CoFe embedded in nitrogen-doped porous carbon with spider-egg structure derived from MOFs promote the dispersion of Ru nanoparticles for high-performance hydrogen-evolution-reaction

Abstract

Despite significant progress, precise control of the dispersion of ruthenium (Ru) nanoparticles (NPs) on the carrier, reduction of their aggregation and leaching during water splitting is always a challenging issue. In this work, metal-organic frameworks (MOFs) derived Co7Fe3 alloy/Co NPs embedded in nitrogen-doped carbon and nitrogen-doped carbon nanotubes (FeCoSG/NCNT) with a three-dimensional (3D) spider-egg structure are synthesized by chemical vapor deposition (CVD) technique. Then, Ru NPs are uniformly loaded on the FeCoSG/NCNT through impregnation and reduction. The obtained FeCoSG/NCNT@Ru possesses enriched mesopore and high conductivity. In addition, the Ru NPs synergize with non-precious metal active sites to promote hydrogen-evolution-reaction (HER), which lowers the need for precious metals while maintaining excellent performance.

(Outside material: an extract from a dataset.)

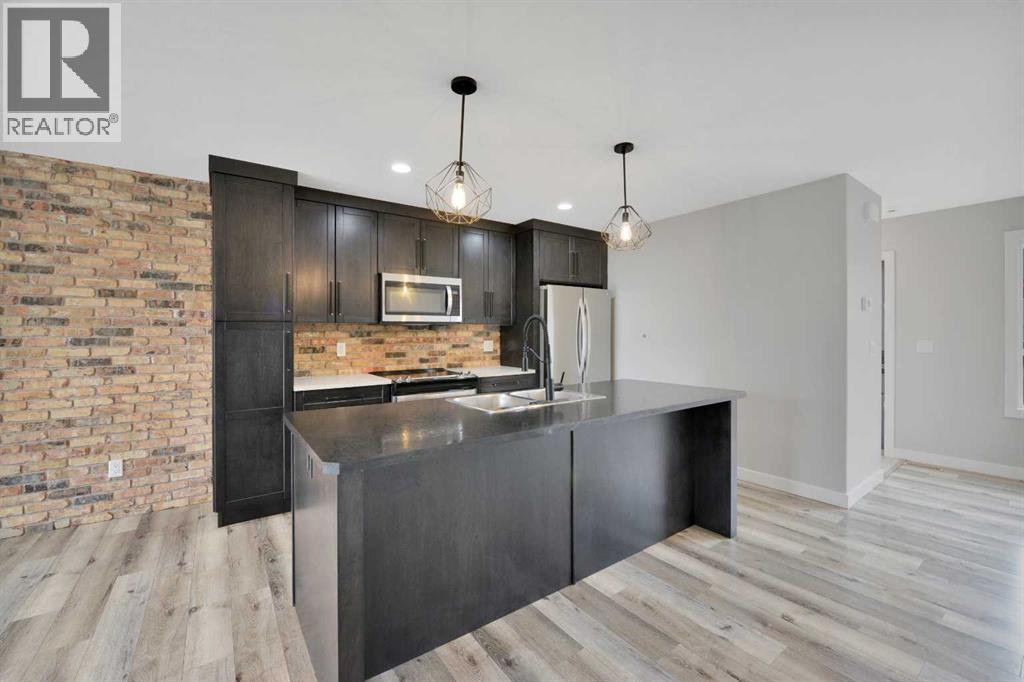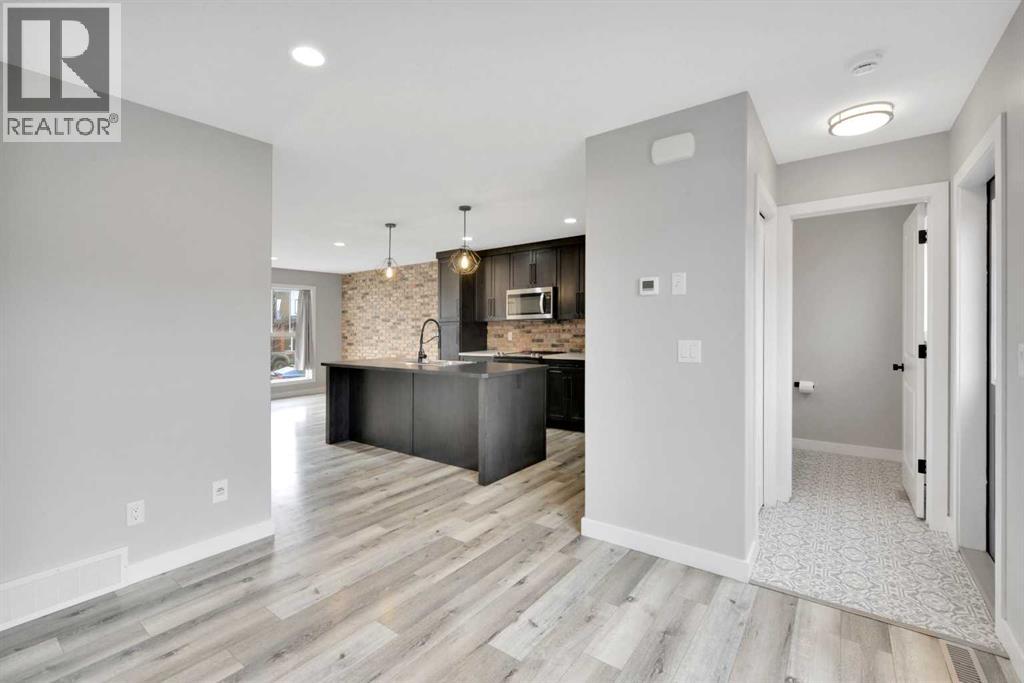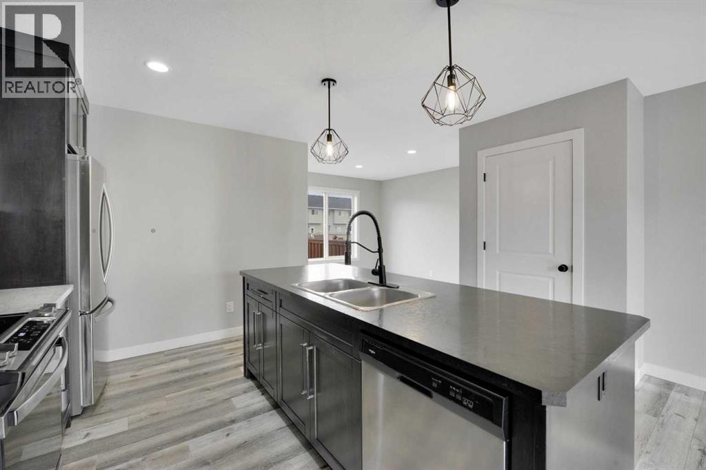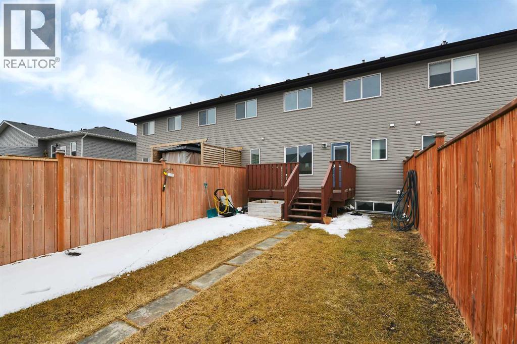 This beautiful Falcon Homes townhouse in Iron Gate is move in ready, offering a functional layout and quality finishes throughout. With 4 bedrooms and 4 bathrooms, there's room for the whole family!The main floor is open with neutral inviting colors throughout, featuring stainless steel appliances (new range!) and a central island in the kitchen, convenient 2pc bathroom, and access to the back deck from the dining room. Upstairs, three bedrooms are finished with carpet, and the primary bedroom includes a 3pc ensuite. Another 4pc main bath serves the remaining bedrooms.The basement is fully finished, adding a fourth bedroom, 4pc bathroom and large rec space. Out back, the yard is fully fenced and landscaped, with an east facing deck and a rear parking pad to fit 2 vehicles!Located so close to shopping, restaurants, walking trails, and highway access, with everyday amenities nearby. (id:63190)

The obtained FeCoSG/NCNT@Ru only requires a low overpotential of 21.1 mV to attain a current density of 10 mA cm−2 in 1 M KOH towards HER, which is smaller than the benchmark catalyst Pt/C (∼30.1 mV). Moreover, it shows ultra-high stability, which can work continuously at current densities of 10, 20, and 30 mA cm−2 for 25 h without degradation, respectively. The study presents insight on the design of advanced support and the construction of highly active and durable electrocatalysts.